The data are generated using a naive heuristic based only on the descriptions of each food and those of its ingredients, which are compared to hardcoded lists of phrases and the most likely categories they suggest. Neither this approach nor the lists of phrases are perfect, so there are still many incorrectly categorized foods that will hopefully become fewer over time.
For those foods whose categorization as vegan/vegetarian/omni depends on one’s
level of “strictness”, an attempt is made to classify them as an appropriate
composite category. E.g., wines should ideally all be categorized as
VEGAN_VEGETARIAN_OR_OMNI
because certain filtration methods normally used in
the winemaking process involve animal
products, some of which
require killing the animal to extract, although it’s plausible that a subset of
vegans/vegetarians would consider them vegan/vegetarian regardless.
Note that these same composite categories are also used more generally in cases in which it’s impossible to tell from the available information whether something is vegan/vegetarian or not. Although this meaning is technically distinct from the strictness-dependent categorization above, in practice they tend to overlap almost perfectly. Returning e.g. to the example above, there do exist strictly vegan wines made without resorting to animal products in any step of the process, but a description saying just “wine” could refer to either these or the non-vegan variants.

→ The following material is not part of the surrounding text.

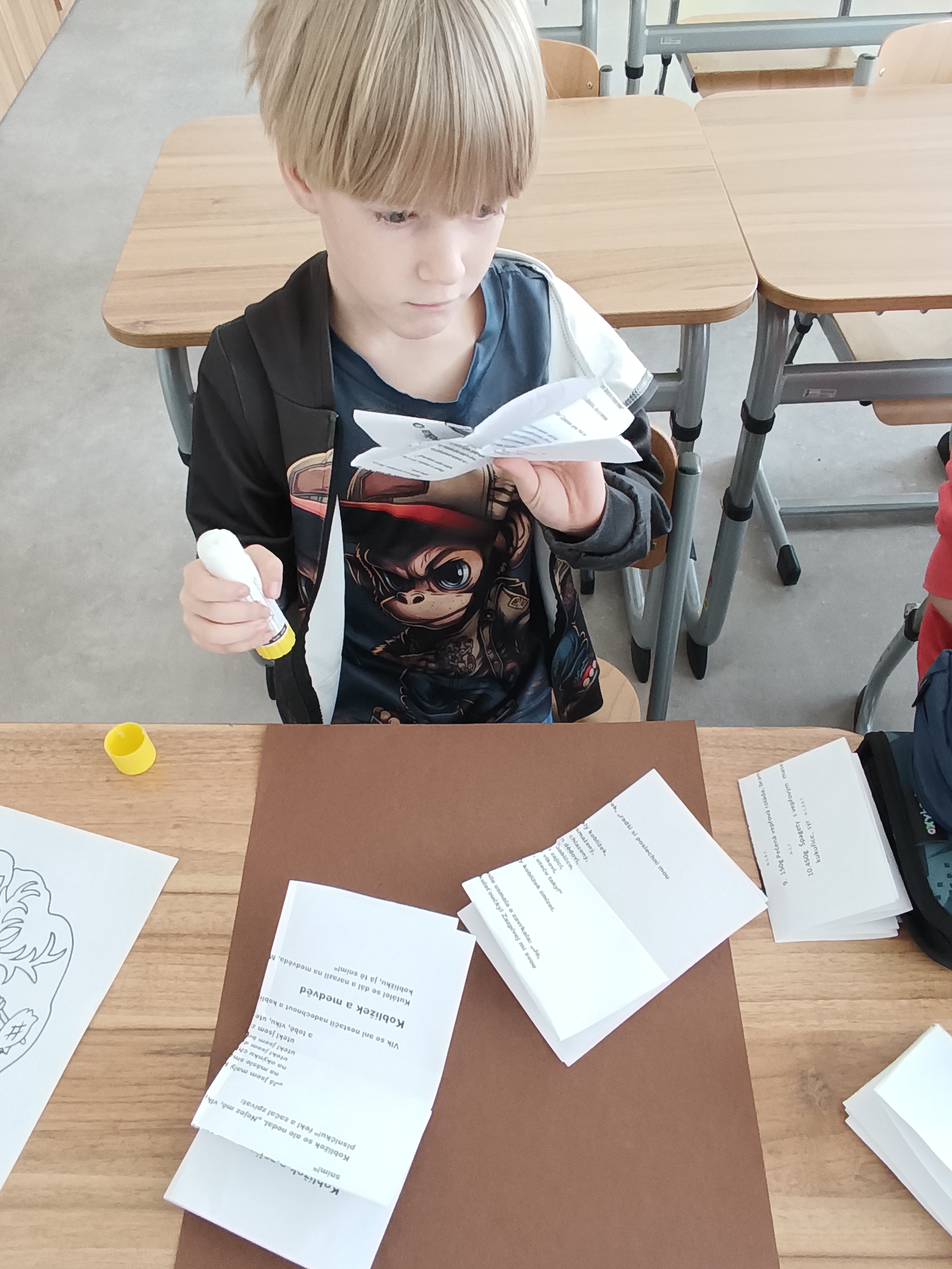 Protože je březen Měsícem knihy, Družínci si ze starých českých pohádkových pracovních listů (určených ke skartaci) složili pohádkový příběh ve tvaru knížek, vybarvili omalovánku dané pohádky a vše nalepili na barevné kartony.

Attributes are provided for foods in the FNDDS (“Survey”) and SR Legacy datasets. Data for both datasets are provided together in one file as foods are uniquely identified by e.g. their FDC ID and the file size is small anyway. As of now there are no plans to extend this project to the other FDC datasets, but who knows.
For debugging and demoing purposes, the current lists of foods in each category can be viewed here:
The script used to generate the data released by this project from FDC data via the heuristic explained above can be found in the project’s source code.
Some incomplete notes on development can be found here.
Like the USDA FDC datasets themselves, the data published by this project is hereby released into the public domain or, in jurisdictions where this is not possible, the closest legal equivalent.
The script to generate the data is provided under the MIT license.